If you want to format the pendrive to the standard, the MSDOS partition table and one partition with the FAT32 file system, you can install mkusb according to this link,

help.ubuntu.com/community/mkusb

sudo add-apt-repository universe  # only for standard Ubuntu in live mode

sudo add-apt-repository ppa:mkusb/ppa  # and press Enter
sudo apt-get update
sudo apt-get install mkusb mkusb-nox usb-pack-efi

and 'Restore to a standard storage device' according to this link,

help.ubuntu.com/community/mkusb/wipe

enter image description here

Something more advanced

If you want something more advanced, for example a file system, that can manage files bigger than 4 GB, have a look at the following link,

How do I copy a file larger than 4GB to a USB flash drive?

Creating an NTFS file system

You want an easy method to create an NTFS file system (not FAT32).
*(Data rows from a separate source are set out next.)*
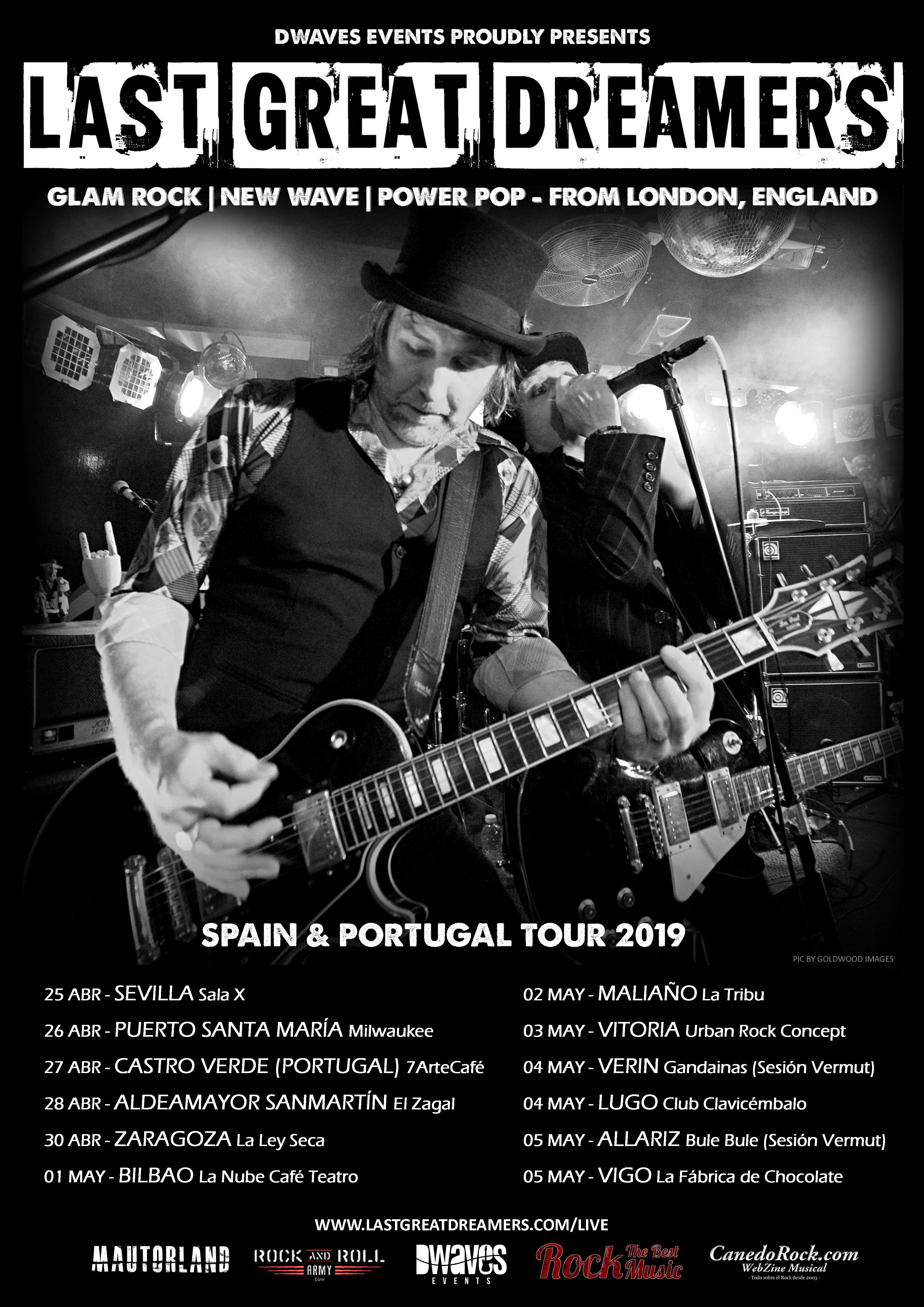 Una de las mejores bandas en su género, GlamRock / PowerPop, los británicos Last Great Dreamers, regresan por segunda vez a España tras su exitosa gira el pasado 2018. En esta ocasión traen nuevo trabajo bajo el brazo, su último LP ’13th Floor Renegades’.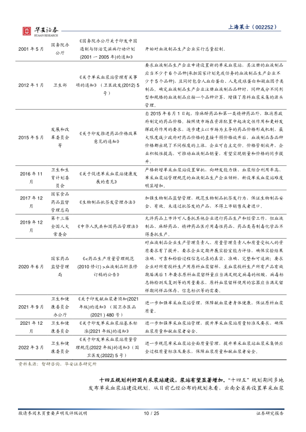 “十四五”规划期间,多地发布单采血浆站建设规划,预计在2024-2025年浆站获批有望加速,如内蒙古规划10个、河南规划7个、云南规划19个。行业集中度持续提升,天坛生物、上海莱士、华兰生物、泰邦生物、派林生物等头部企业占据了大部分浆站资源。截至2023年上半年,天坛生物拥有102家浆站,上海莱士42家,华兰生物32家。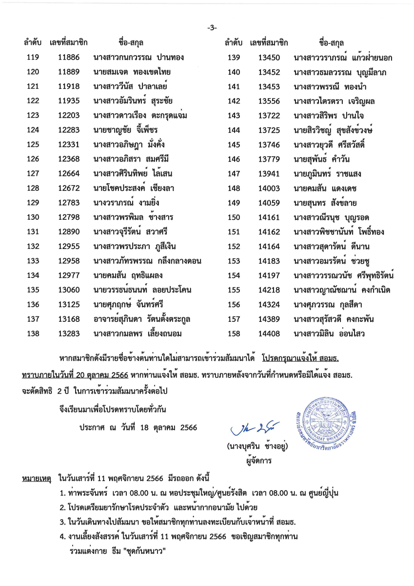 ประกาศรายชื่อผู้มีสิทธิ์เข้าร่วมสัมมนาสมาชิกนอกสถานที่ ครั้งที่ 2/2566

Maybe the following alternatives in Ubuntu will be easy enough to compete with Windows.

  • gparted has an intuitive graphical user interface, that makes it easy to create a partition table and a partition with NTFS. It is bundled with Ubuntu live, but is stripped from the installed system, you have to install it with

    sudo apt install gparted
    
  • The classic interface of mkusb, mkusb-11, where there is an alternative for NTFS in the wipe menu.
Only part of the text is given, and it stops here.